═════ Given records ═════

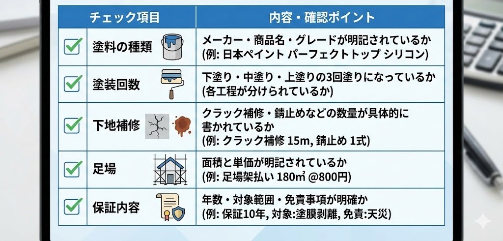 ✔ 足場・洗浄・補修・塗料の種類・回数 が細かく明記されているかを必ず確認。
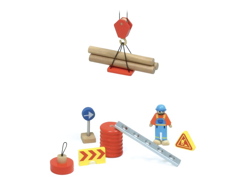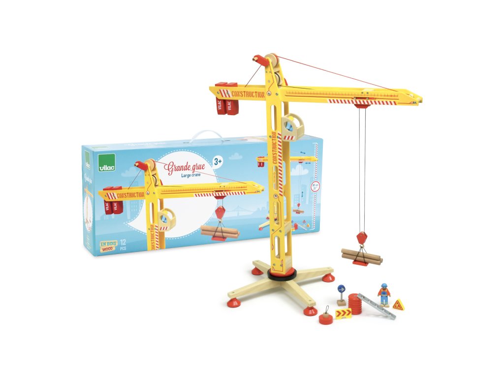 Dejte nový rozměr Vašemu staveništi a vrhněte se na stavbu těch nejvyšších budov se správným jeřábem. Svými impozantními rozměry se hračka stane nepřehlédnutelnou dominantou dětského pokojíčku. Množstvím pečlivě ztvárněných detailů, kabinou, protizávažími a kočkou nadchne každého fanouška stavební techniky. Díky široké podstavě je stabilní a umožňuje bezpečnou hru. Nabízí široké možnosti manipulace, celým jeřábem je možno plně otáčet, břemeno lze posouvat a pohodlně zvedat pomocí dvojice klik. Mezi dodávaným příslušenstvím naleznete pohyblivé figurky jeřábníka a dělníka, plošinu, magnet, různá břemena, ale i značky nezbytné k ohraničení probíhající práce. Vyrobeno z masivního dřeva a odolné překližky, ošetřeno atraktivními nezávadnými barvami. Hlavní vlastnosti: jeřáb, 2 figurky a 10 dílů příslušenstvíjeřábem lze volně otáčet, břemeno lze zvedat i posouvatsnadná manipulace pomocí klikatraktivní, detailní a odolné zpracování
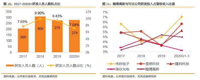 研发团队人数稳定,核心技术人员对公司研发影响可控。从2017年至2020H研发人员的平均人数来看,研发团队的人数稳定在200人至300人之间,2020H研发人员占比为7.08%,虽然相较于2019年有所下滑,但仍维持四位核心人员,因此对公司整体的研发和生产经营影响可控。
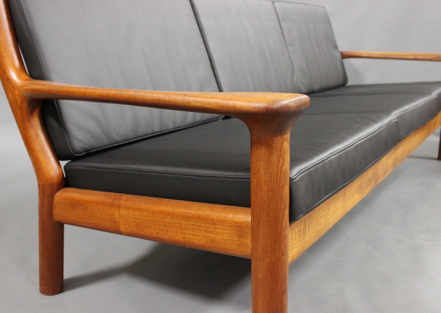 Sold3 seather sofa in teak and cushions of black leather designed by Juul Kristensen and manufactured by Glostrup Furniture Factory from the 1960s.
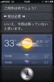 この機能が徐々に支持されてきている。その理由は、きめ細かなコミュニケーション能力にある。たとえば、「この週末の東京の天気は?」とSiriに聞くと、「週末の天気です」と言いながら東京の天気予報を画面に表示する。続いて「鎌倉はどう?」と話しかけると、Siriは少し前の天気の質問を覚えていて、すぐに鎌倉の天気を探し出す。先を読みながら情報を探すのだ。
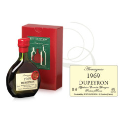 Les Armagnacs Dupeyron sont élevés, depuis 5 générations, dans les chais de Condom, dans la plus grande tradition. Des senteurs de pruneaux, de vanille se dégagent de ces elixirs. Ils sont la haute couture des Spiritueux. Ils représentent la quintessence en matière deau de vie. A consommer en digestif, accompagné d'un cigare.
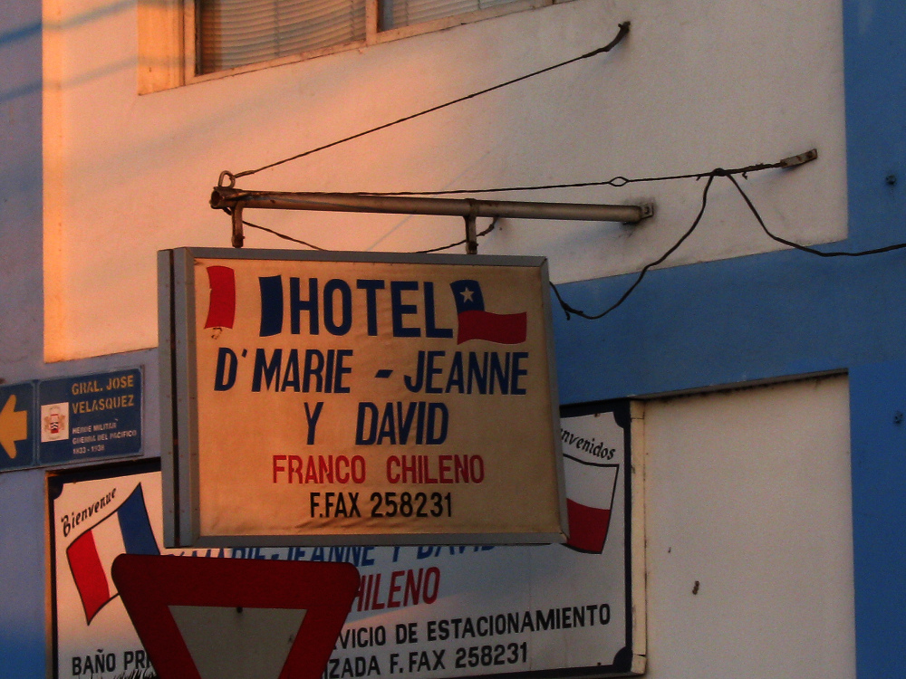 Kreuzung Chacabuco-Allee / General Velasquez-Strasse, kleines Hotel "Marie Jeanne y David", Tafel, Nahaufnahme
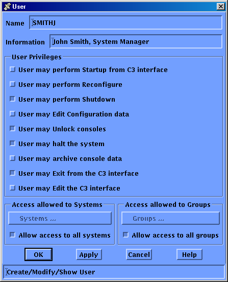 Note: If you grant access to a subset of the serviced systems defined in the configuration database, then a group definition is also required. However, granting a user access to all groups overrides the subset of systems, and provides the user with full access.
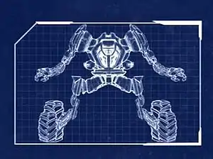 KARR was originally designed for military combat. Armed with twin machine guns on each shoulder and missiles, the exoskeleton combines with a human being for easier control. KARR is visually identical to KITT in this iteration, lacking the two-tone black and silver paint job of the 1980s version of KARR. The only difference is the scanner and voice box, which are yellow compared to KITT's red. Once again, similar to the original character, this entirely different "KARR" project (2.0) had an A.I. that was programmed for self-preservation, and he was deactivated and placed in storage after he reprogrammed itself and killed seven people.

═════

(Work item) Every entry above needs to be duplicated exactly, without its images.

(Task response)
 ✔ 足場・洗浄・補修・塗料の種類・回数 が細かく明記されているかを必ず確認。
 Dejte nový rozměr Vašemu staveništi a vrhněte se na stavbu těch nejvyšších budov se správným jeřábem. Svými impozantními rozměry se hračka stane nepřehlédnutelnou dominantou dětského pokojíčku. Množstvím pečlivě ztvárněných detailů, kabinou, protizávažími a kočkou nadchne každého fanouška stavební techniky. Díky široké podstavě je stabilní a umožňuje bezpečnou hru. Nabízí široké možnosti manipulace, celým jeřábem je možno plně otáčet, břemeno lze posouvat a pohodlně zvedat pomocí dvojice klik. Mezi dodávaným příslušenstvím naleznete pohyblivé figurky jeřábníka a dělníka, plošinu, magnet, různá břemena, ale i značky nezbytné k ohraničení probíhající práce. Vyrobeno z masivního dřeva a odolné překližky, ošetřeno atraktivními nezávadnými barvami. Hlavní vlastnosti: jeřáb, 2 figurky a 10 dílů příslušenstvíjeřábem lze volně otáčet, břemeno lze zvedat i posouvatsnadná manipulace pomocí klikatraktivní, detailní a odolné zpracování
 研发团队人数稳定,核心技术人员对公司研发影响可控。从2017年至2020H研发人员的平均人数来看,研发团队的人数稳定在200人至300人之间,2020H研发人员占比为7.08%,虽然相较于2019年有所下滑,但仍维持四位核心人员,因此对公司整体的研发和生产经营影响可控。
 Sold3 seather sofa in teak and cushions of black leather designed by Juul Kristensen and manufactured by Glostrup Furniture Factory from the 1960s.
 この機能が徐々に支持されてきている。その理由は、きめ細かなコミュニケーション能力にある。たとえば、「この週末の東京の天気は?」とSiriに聞くと、「週末の天気です」と言いながら東京の天気予報を画面に表示する。続いて「鎌倉はどう?」と話しかけると、Siriは少し前の天気の質問を覚えていて、すぐに鎌倉の天気を探し出す。先を読みながら情報を探すのだ。
 Les Armagnacs Dupeyron sont élevés, depuis 5 générations, dans les chais de Condom, dans la plus grande tradition. Des senteurs de pruneaux, de vanille se dégagent de ces elixirs. Ils sont la haute couture des Spiritueux. Ils représentent la quintessence en matière deau de vie. A consommer en digestif, accompagné d'un cigare.
 Kreuzung Chacabuco-Allee / General Velasquez-Strasse, kleines Hotel "Marie Jeanne y David", Tafel, Nahaufnahme
 Note: If you grant access to a subset of the serviced systems defined in the configuration database, then a group definition is also required. However, granting a user access to all groups overrides the subset of systems, and provides the user with full access.
 KARR was originally designed for military combat. Armed with twin machine guns on each shoulder and missiles, the exoskeleton combines with a human being for easier control. KARR is visually identical to KITT in this iteration, lacking the two-tone black and silver paint job of the 1980s version of KARR. The only difference is the scanner and voice box, which are yellow compared to KITT's red. Once again, similar to the original character, this entirely different "KARR" project (2.0) had an A.I. that was programmed for self-preservation, and he was deactivated and placed in storage after he reprogrammed itself and killed seven people.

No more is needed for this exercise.